**Material for this exercise:**
Segment Open
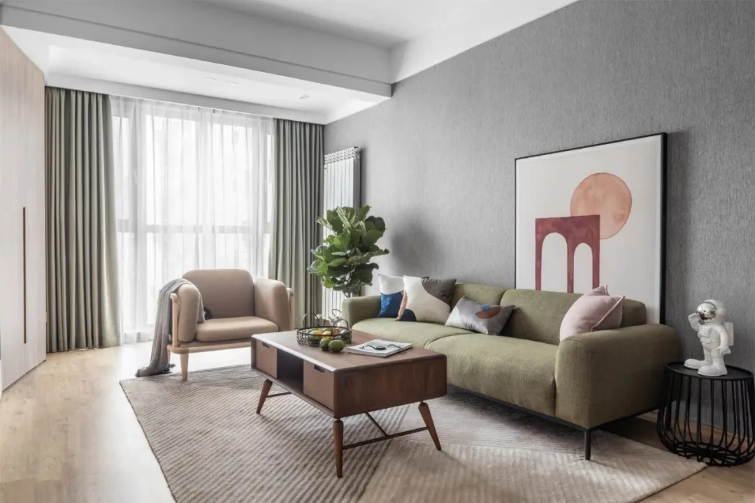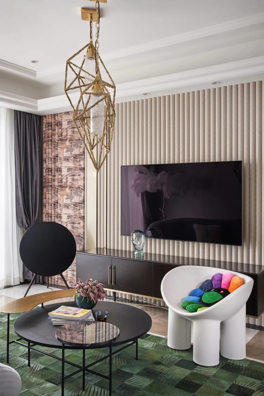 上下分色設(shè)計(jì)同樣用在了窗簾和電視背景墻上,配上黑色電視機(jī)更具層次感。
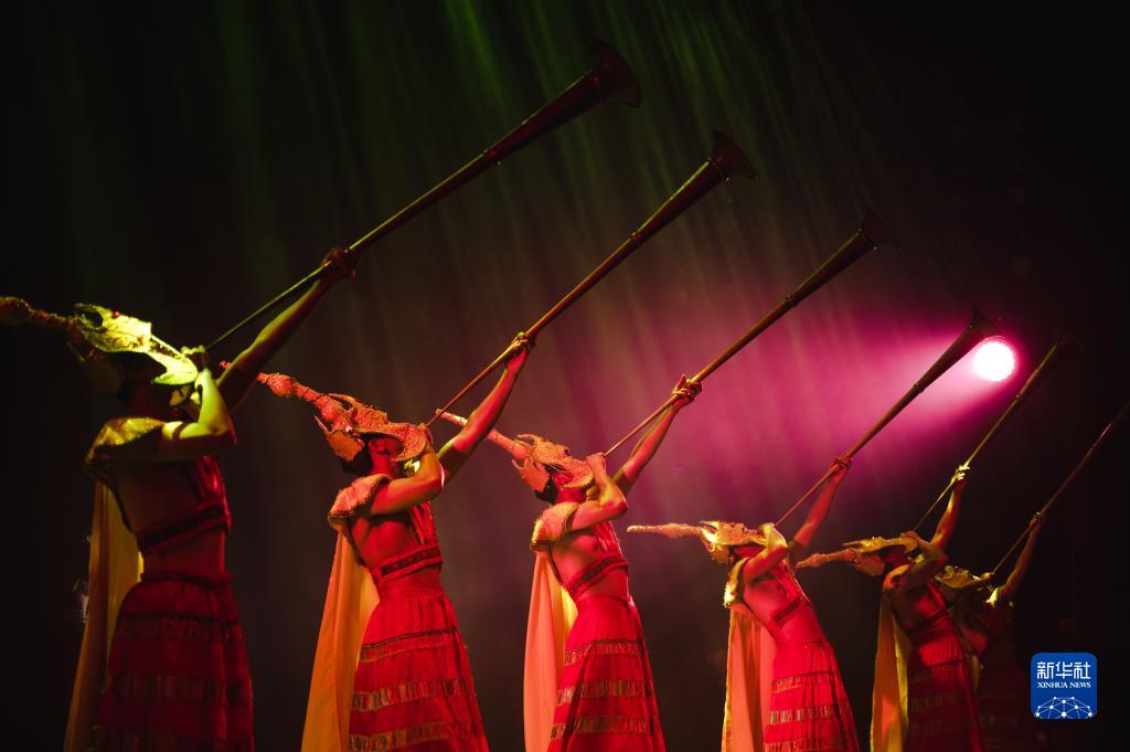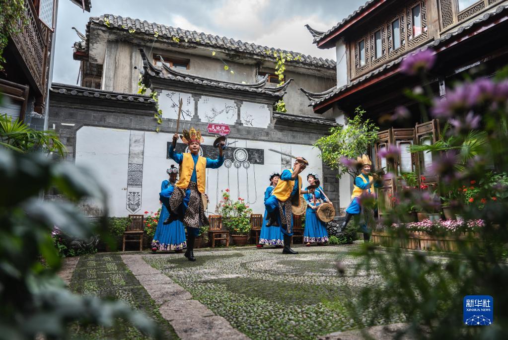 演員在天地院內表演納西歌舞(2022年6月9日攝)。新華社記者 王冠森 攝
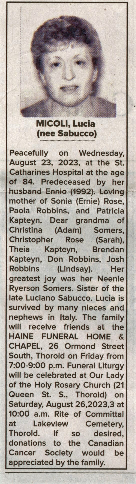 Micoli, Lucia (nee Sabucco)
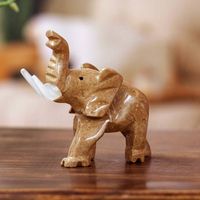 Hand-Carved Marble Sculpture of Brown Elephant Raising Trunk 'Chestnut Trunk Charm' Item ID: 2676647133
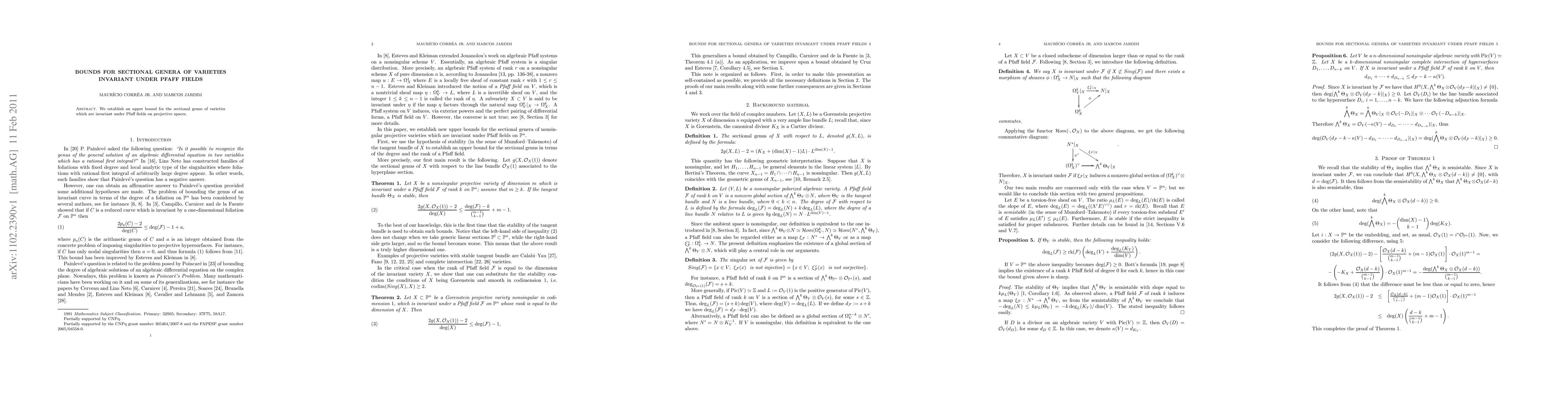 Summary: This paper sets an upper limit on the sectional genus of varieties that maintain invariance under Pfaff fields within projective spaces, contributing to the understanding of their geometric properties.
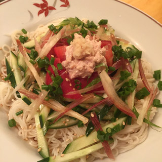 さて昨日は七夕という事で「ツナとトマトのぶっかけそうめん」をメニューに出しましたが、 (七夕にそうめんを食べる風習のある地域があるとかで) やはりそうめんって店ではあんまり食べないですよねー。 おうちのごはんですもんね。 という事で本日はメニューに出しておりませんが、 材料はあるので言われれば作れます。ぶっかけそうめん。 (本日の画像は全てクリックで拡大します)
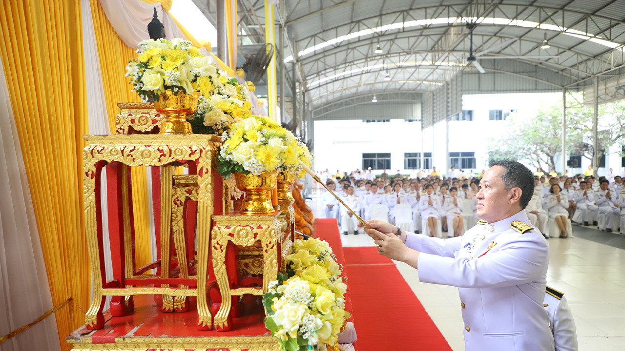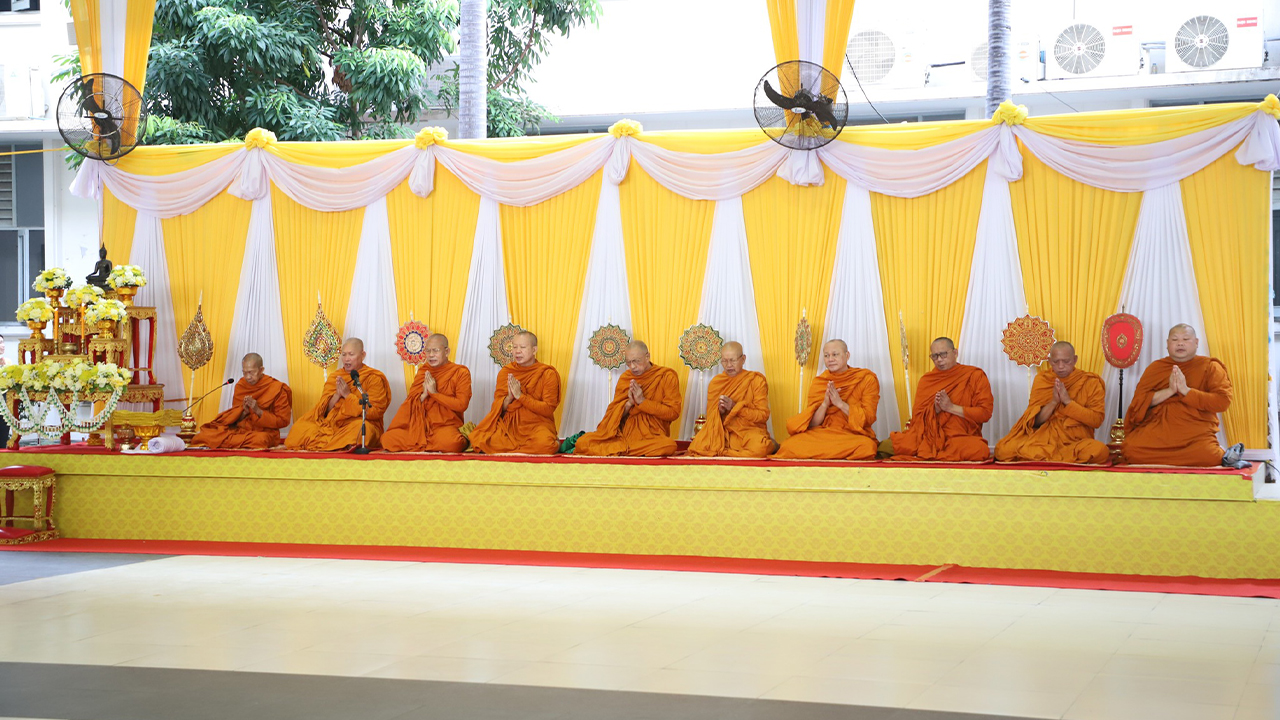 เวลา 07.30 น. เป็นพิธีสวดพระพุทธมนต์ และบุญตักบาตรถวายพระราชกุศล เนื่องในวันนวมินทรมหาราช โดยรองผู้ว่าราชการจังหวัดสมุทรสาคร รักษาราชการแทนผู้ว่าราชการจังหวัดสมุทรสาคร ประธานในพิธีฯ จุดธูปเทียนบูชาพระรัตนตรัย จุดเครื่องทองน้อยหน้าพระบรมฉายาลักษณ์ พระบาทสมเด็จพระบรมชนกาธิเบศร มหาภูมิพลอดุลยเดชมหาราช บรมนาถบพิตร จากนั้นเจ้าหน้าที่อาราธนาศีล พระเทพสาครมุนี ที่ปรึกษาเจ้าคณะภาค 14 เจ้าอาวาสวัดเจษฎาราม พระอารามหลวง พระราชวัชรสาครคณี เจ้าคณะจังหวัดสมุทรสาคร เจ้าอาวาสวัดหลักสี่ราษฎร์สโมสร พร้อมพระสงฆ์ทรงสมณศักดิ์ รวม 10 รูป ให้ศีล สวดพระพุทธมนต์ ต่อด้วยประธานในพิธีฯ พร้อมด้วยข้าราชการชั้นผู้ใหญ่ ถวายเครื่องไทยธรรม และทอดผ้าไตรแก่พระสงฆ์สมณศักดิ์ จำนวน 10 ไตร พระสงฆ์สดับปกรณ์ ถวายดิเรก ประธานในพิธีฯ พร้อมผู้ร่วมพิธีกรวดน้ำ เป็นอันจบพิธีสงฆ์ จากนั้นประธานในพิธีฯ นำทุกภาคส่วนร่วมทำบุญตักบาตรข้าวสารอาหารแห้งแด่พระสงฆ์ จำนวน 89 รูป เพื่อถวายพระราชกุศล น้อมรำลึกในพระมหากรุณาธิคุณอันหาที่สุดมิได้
Segment Closed
Segment Open
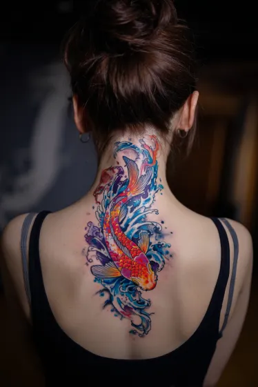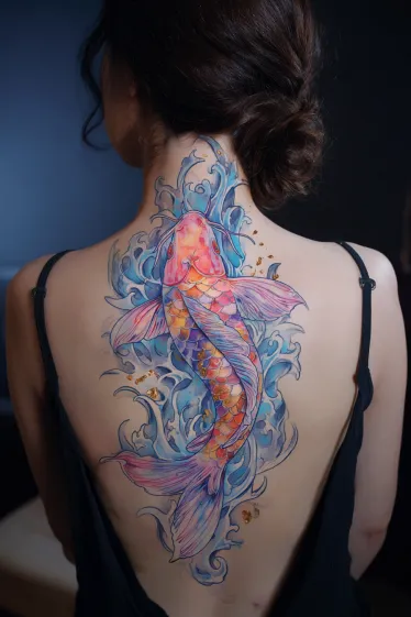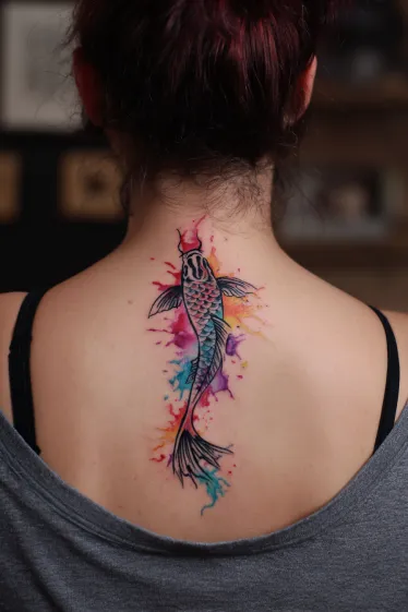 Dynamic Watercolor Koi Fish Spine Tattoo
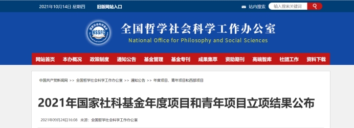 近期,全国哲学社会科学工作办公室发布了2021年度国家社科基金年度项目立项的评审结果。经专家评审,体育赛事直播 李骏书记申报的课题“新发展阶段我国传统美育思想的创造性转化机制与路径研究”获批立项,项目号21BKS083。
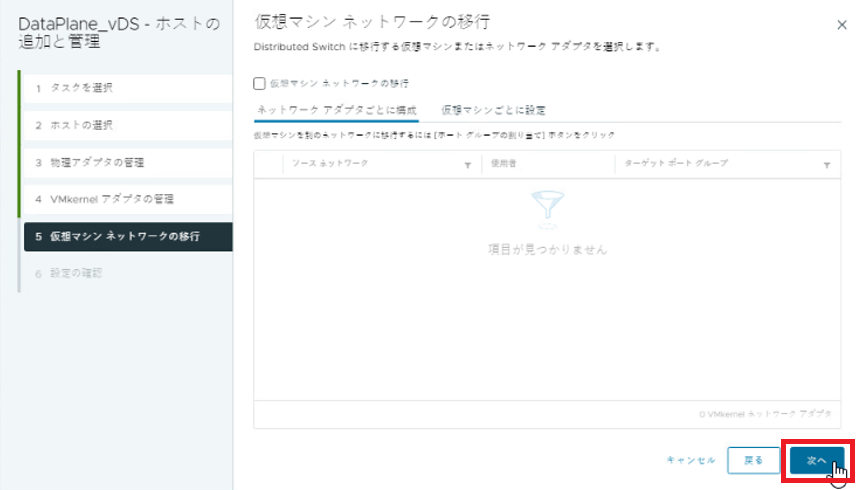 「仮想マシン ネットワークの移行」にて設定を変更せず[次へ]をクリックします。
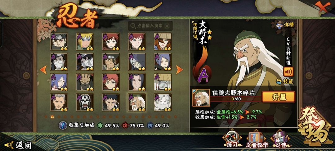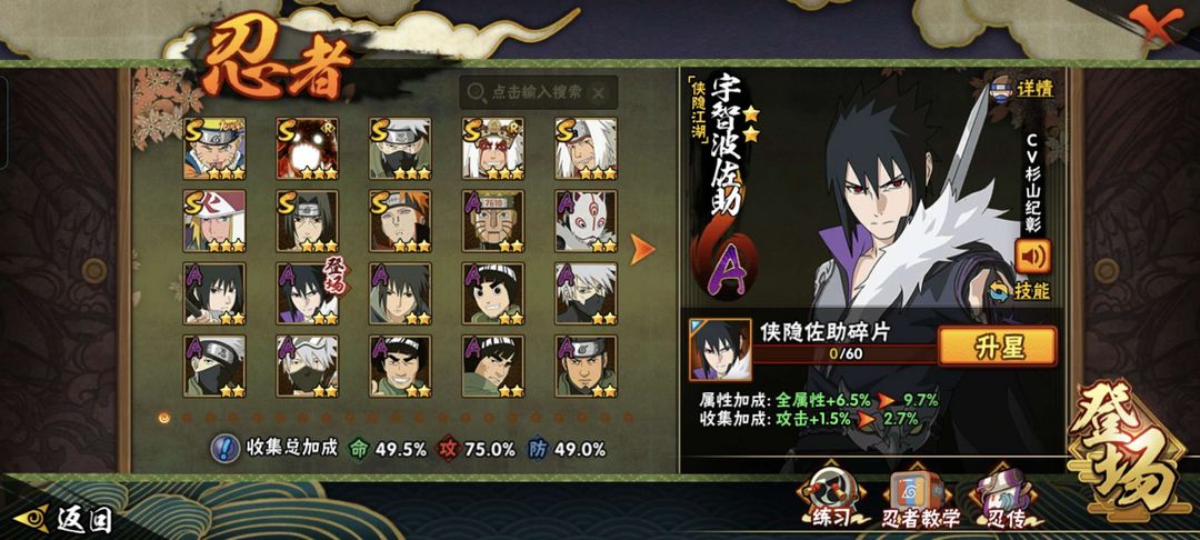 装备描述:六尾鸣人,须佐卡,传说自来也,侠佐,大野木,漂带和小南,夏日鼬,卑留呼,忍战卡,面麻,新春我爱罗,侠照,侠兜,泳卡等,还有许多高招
Segment Closed
**What the exercise asks:**
Above are the records. Copy word for word only their lines from the one holding "演員在天地院內表演納西歌舞(2022年6月9日攝)。新華社記者 王冠森 攝" through the one holding "Hand-Carved Marble Sculpture", both included, and skip the images.

**Exercise result:**
 演員在天地院內表演納西歌舞(2022年6月9日攝)。新華社記者 王冠森 攝
 Micoli, Lucia (nee Sabucco)
 Hand-Carved Marble Sculpture of Brown Elephant Raising Trunk 'Chestnut Trunk Charm' Item ID: 2676647133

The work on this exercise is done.